> [Supplied information]:
● ● ●

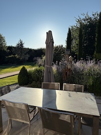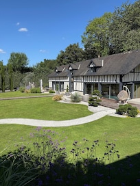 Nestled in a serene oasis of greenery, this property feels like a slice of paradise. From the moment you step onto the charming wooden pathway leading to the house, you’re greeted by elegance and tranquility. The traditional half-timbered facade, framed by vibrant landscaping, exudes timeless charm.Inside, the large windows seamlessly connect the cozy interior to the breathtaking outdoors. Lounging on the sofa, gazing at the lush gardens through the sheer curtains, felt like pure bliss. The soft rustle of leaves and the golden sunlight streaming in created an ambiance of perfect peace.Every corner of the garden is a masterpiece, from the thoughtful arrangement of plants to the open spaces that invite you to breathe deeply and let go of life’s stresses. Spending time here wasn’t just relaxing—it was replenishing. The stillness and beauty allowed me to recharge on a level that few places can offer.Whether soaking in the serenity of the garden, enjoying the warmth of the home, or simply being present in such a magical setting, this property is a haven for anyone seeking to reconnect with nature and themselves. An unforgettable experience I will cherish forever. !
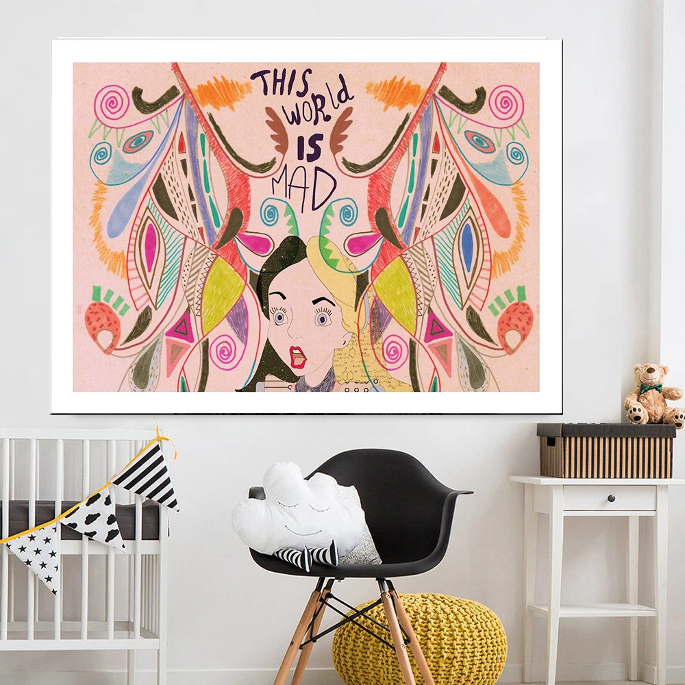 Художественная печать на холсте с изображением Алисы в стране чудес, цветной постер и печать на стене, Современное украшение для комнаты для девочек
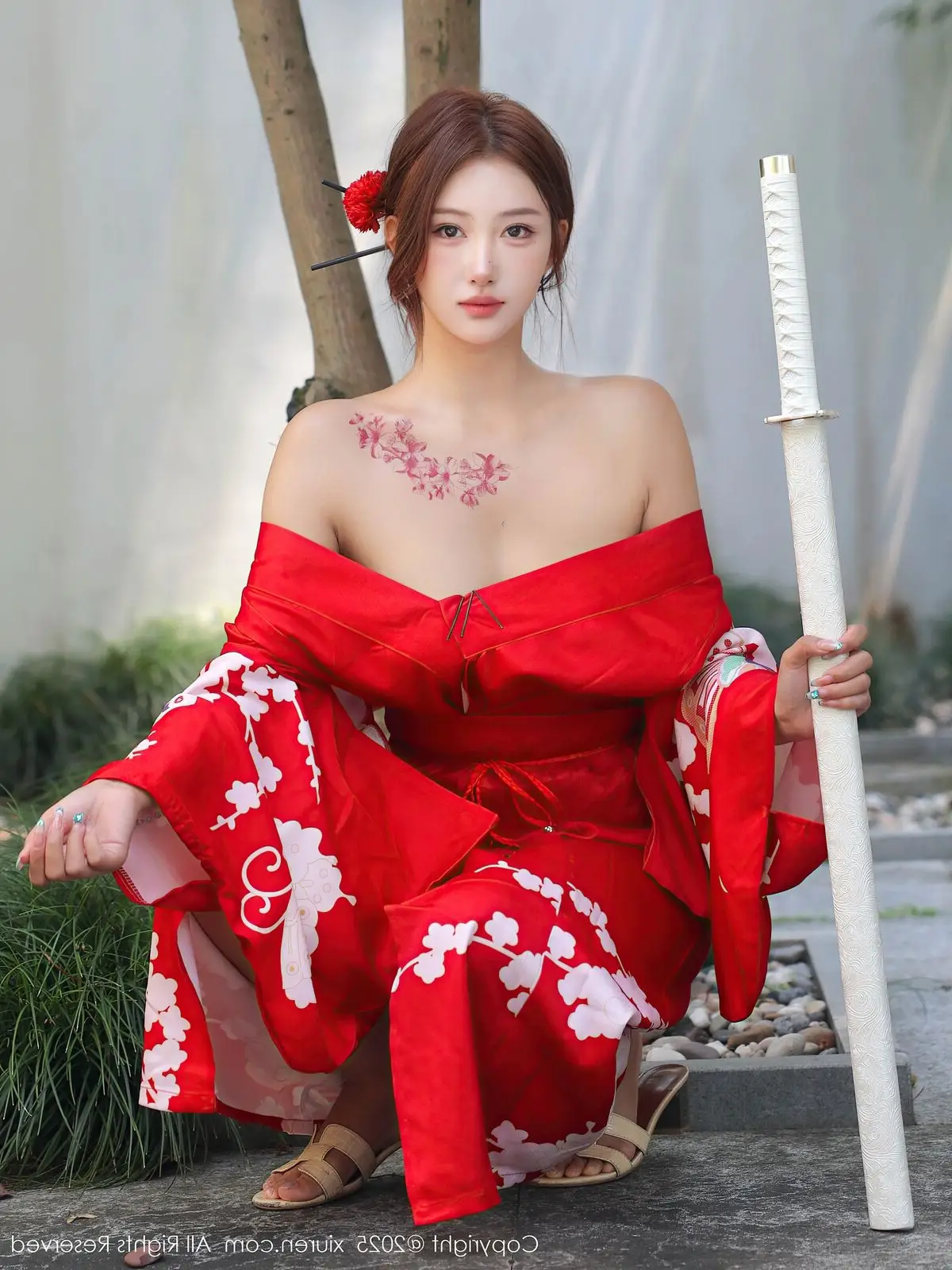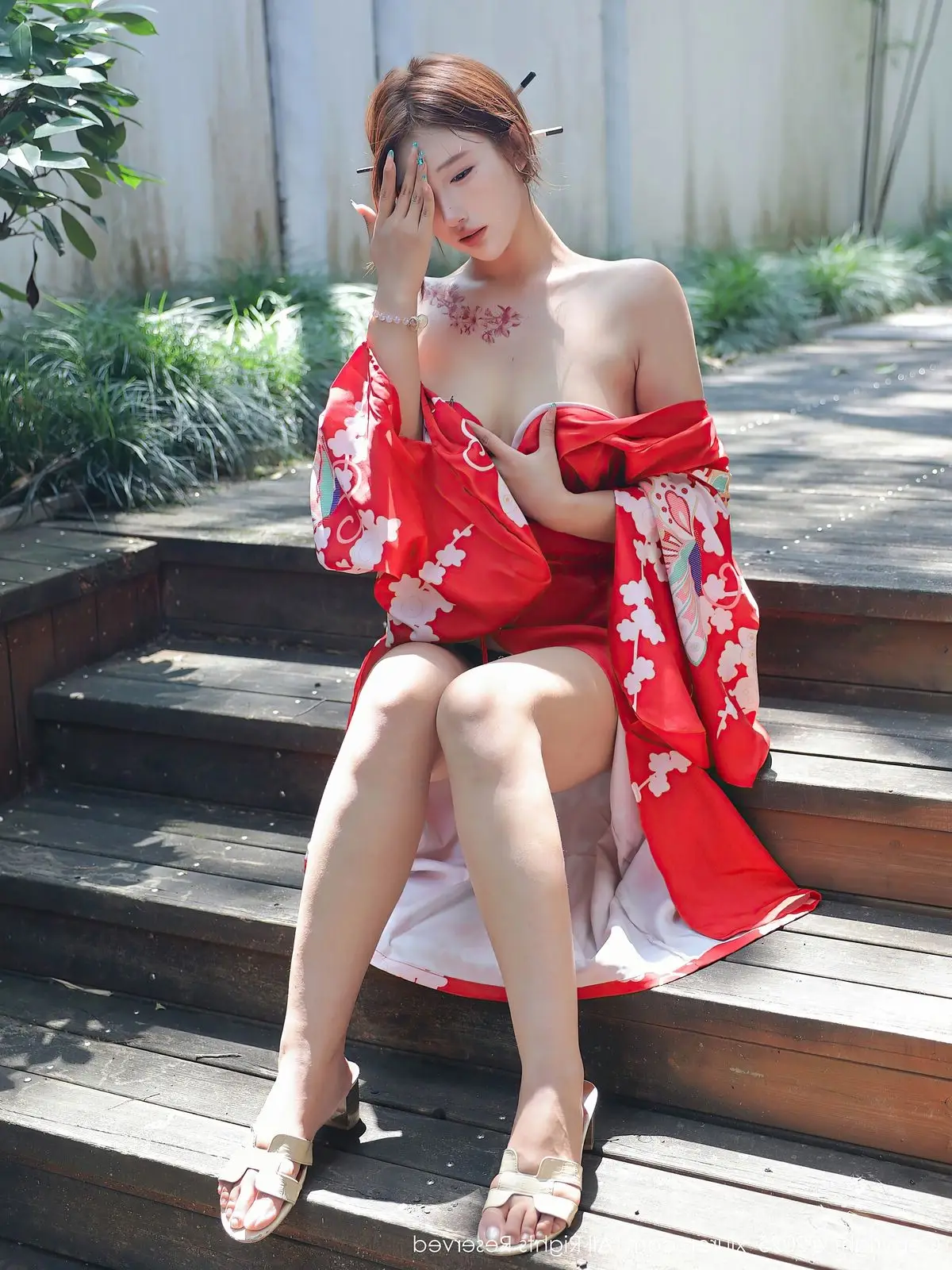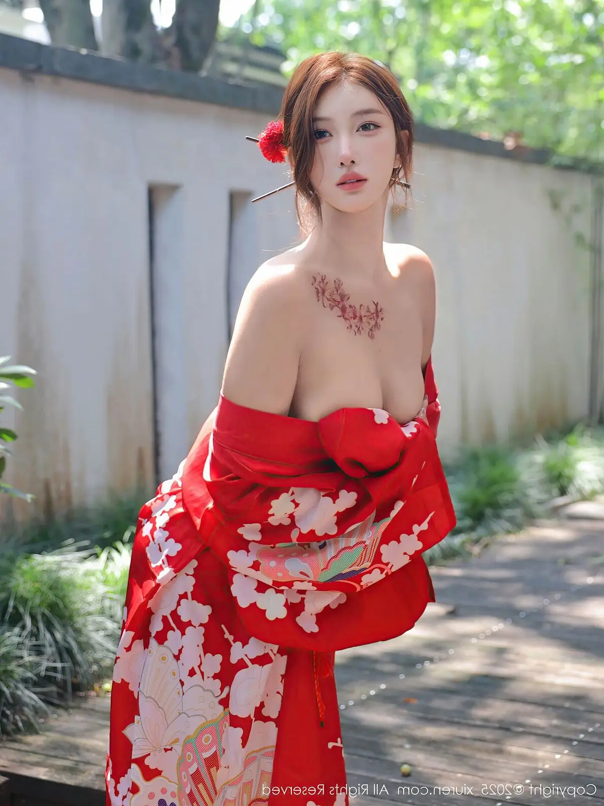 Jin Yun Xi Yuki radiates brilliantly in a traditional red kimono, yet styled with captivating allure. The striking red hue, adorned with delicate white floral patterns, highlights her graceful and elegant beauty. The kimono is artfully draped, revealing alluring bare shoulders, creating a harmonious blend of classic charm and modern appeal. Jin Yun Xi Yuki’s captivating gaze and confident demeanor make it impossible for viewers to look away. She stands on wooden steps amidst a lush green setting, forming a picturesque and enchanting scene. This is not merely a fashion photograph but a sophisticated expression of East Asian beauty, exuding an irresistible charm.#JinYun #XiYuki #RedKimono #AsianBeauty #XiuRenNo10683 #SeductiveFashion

● ● ●

> [What this task involves]:
No picture should be included when the data are set down again exactly.

> [Task solution]:
 Nestled in a serene oasis of greenery, this property feels like a slice of paradise. From the moment you step onto the charming wooden pathway leading to the house, you’re greeted by elegance and tranquility. The traditional half-timbered facade, framed by vibrant landscaping, exudes timeless charm.Inside, the large windows seamlessly connect the cozy interior to the breathtaking outdoors. Lounging on the sofa, gazing at the lush gardens through the sheer curtains, felt like pure bliss. The soft rustle of leaves and the golden sunlight streaming in created an ambiance of perfect peace.Every corner of the garden is a masterpiece, from the thoughtful arrangement of plants to the open spaces that invite you to breathe deeply and let go of life’s stresses. Spending time here wasn’t just relaxing—it was replenishing. The stillness and beauty allowed me to recharge on a level that few places can offer.Whether soaking in the serenity of the garden, enjoying the warmth of the home, or simply being present in such a magical setting, this property is a haven for anyone seeking to reconnect with nature and themselves. An unforgettable experience I will cherish forever. !
 Художественная печать на холсте с изображением Алисы в стране чудес, цветной постер и печать на стене, Современное украшение для комнаты для девочек
 Jin Yun Xi Yuki radiates brilliantly in a traditional red kimono, yet styled with captivating allure. The striking red hue, adorned with delicate white floral patterns, highlights her graceful and elegant beauty. The kimono is artfully draped, revealing alluring bare shoulders, creating a harmonious blend of classic charm and modern appeal. Jin Yun Xi Yuki’s captivating gaze and confident demeanor make it impossible for viewers to look away. She stands on wooden steps amidst a lush green setting, forming a picturesque and enchanting scene. This is not merely a fashion photograph but a sophisticated expression of East Asian beauty, exuding an irresistible charm.#JinYun #XiYuki #RedKimono #AsianBeauty #XiuRenNo10683 #SeductiveFashion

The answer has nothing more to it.